Le concept du Panoptique(2)  tel qu’avancé par Foucault nous sera utile pour comprendre de quelle manière des lieux communs et ségrégés selon le genre servent à l’économie des corps et à les policer. Parce qu’en répétant l’inclusion et l’exclusion de certains lieux, on contribue à cette économie des corps, des corps qu’on valorise ou dévalorise selon des standards établis simultanément en-dehors et à l’intérieur du lieu ségrégé.

Les injonctions sur les corps sont rendues possible à la fois par les pairs et par les personnes en charge. Les premiers.ères sont juges et acteurs.trices dans le jeu de l’acceptable et de l’inacceptable en ce qui concerne l’apparence physique et l’expression de genre; les seconds sont les «gatekeepers», les gardien.ne.s de la porte, qui décident qui peut entrer dans les lieux ségrégés.

Les lieux ségrégés sont, très souvent, de grandes aires ouvertes qui permettent, en un coup d’oeil, de balayer la place du regard. On retrouve ici tout l’esprit du Panoptique, cette prison idéale servant à contrôler et discipliner efficacement les corps et en faire l’économie – entendre par là de les objectifier et en faire l’instrument d’un calcul social.

 

«C’est bon, je reconnais que la simple idée de vestiaires et de toilettes ségrégés est louche. Maintenant, on fait quoi?»

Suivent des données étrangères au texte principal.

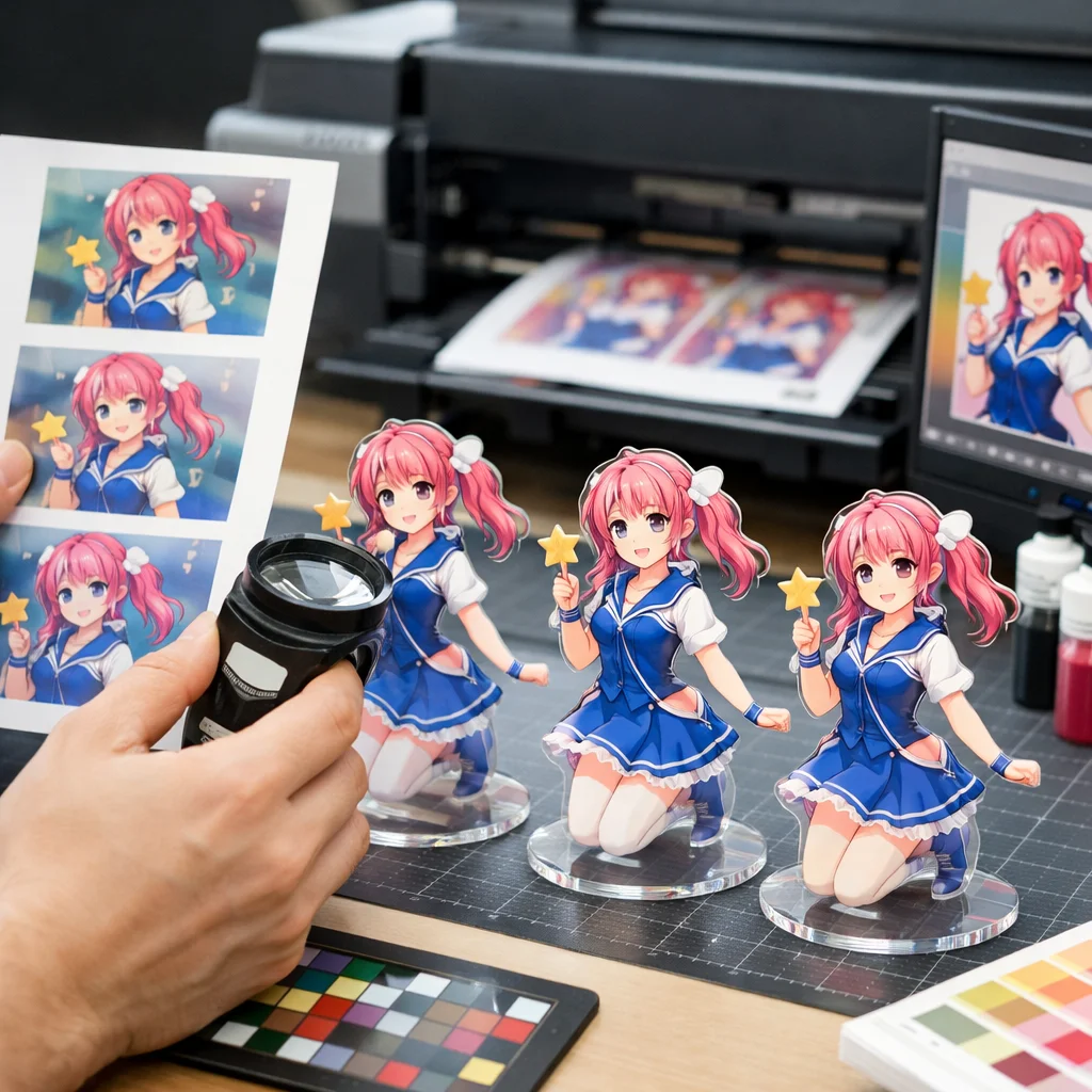 色味調整は「アクリルグッズ」の制作で重要です。入稿前から納品時まで、各フェーズでの具体的なチェックリストを使い、色味確認を行いましょう。この確認を怠ると、最終製品の品質に影響を及ぼします。

Il m’a été donné de visiter et de travailler dans plusieurs écoles ou établissements qui proposaient des alternatives très viables, concernant le décloisonnement des lieux ségrégés. Ces initiatives doivent rejoindre certains buts :

– Que les jeunes ne s’identifiant pas dans la binarité femelle/fille/féminine/androphile ou mâle/garçon/masculin/gynéphile s’y sentent les bienvenu.e.s;

– Que la sexualité des jeunes ne soit pas induite ou supposée dans les choix de cloisonnement;

– Que la culture du viol n’excuse aucun choix de cloisonnement fait dans une logique de «sécurité»;

– Que l’accessibilité aux lieux ouverts aux personnes ne s’identifiant pas dans la binarité femelle/fille/féminine ou mâle/garçon/masculin ne soit pas perçu comme une tactique de marginalisation (faire de la toilette de l’infirmerie une «toilette non-genrée», par exemple).

Pour citer quelques exemples d’actions concrètes que j’ai pu voir à l’oeuvre, notons l’installation de toilettes non-genrées ou neutres, la conversion d’un local en vestiaire non-genré ou neutre, l’absence de toilettes genrées au profit d’une multitude de cabines individuelles sans genre (servant aussi de vestiaire). Là ou il y a de la volonté, il y a des solutions!

 

Ségrégation et non-mixité

Un dernier mot pour mentionner que le fait de s’opposer à la présence de lieux ségrégés selon le genre ne signifie pas être contre la non-mixité. La ségrégation de genre induit une forme de pouvoir coercitif qui légitimise et privilégie certaines identités et expressions de genre au détriment d’autres. La non-mixité demeure certainement envisageable en certaines circonstances, mais on peut toutefois s’interroger sur la pertinence d’en faire un dogme et une norme dans le contexte d’une école primaire.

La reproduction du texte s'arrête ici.